Assuming DFW has run and is instructed to attach to the existing tables it would work: the output hook does not deny the echo-request (ping) and the input hook would allow related packets to let the echo-response (pong) come through. Without it having run though, the default would disallow this from happening, yes.

Regarding established/related packets: I agree, this should be part of the default config. Regarding allowing incoming pings: I don't want to prescribe to a user of DFW whether they want their host to be pingable. I think a good middle ground would be to add it with a comment, i.e. indicating to the user that their host won't be pingable unless they enable that rule.


In summary, the final more-than-minimal configuration that works well for me is this:


Tasks:

MichaelVoelkel commented 10 months ago

Hi! Thanks for your great, long answer.

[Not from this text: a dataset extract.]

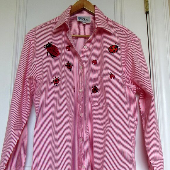 Las Olas Women’s Red White M Shirt Ladybug Embroidery Bling Button Pinstripe

Yeah, now everything works, maybe apart from locally accessing containers, BUT I will try out your iif lo filter because I don't have this one.

And all sounds really interesting what you write. Of course, it's true that nftables is used as base. And yes to:

Do I understand correctly that things work now after you have added backend_defaults, but didn't before?

My default policy clearly is drop. And by the way, as for pings, I was just talking to pings going outside. I agree that inside pings are a different story.

As for the network thingy, I was just thinking, if the docker container only has one network, dfw could theoretically read it from it and use it, as a convenience idea. But yeah, that's not necessarily needed.

All in all, I need to say: your solution is great!!

Getting nftables running with docker is normally not doable nicely... And it should really be a firewall solution that sits in its own docker container to have it maintainable. This seems like the best practice. And your repo offers exactly this solution. So thanks a lot!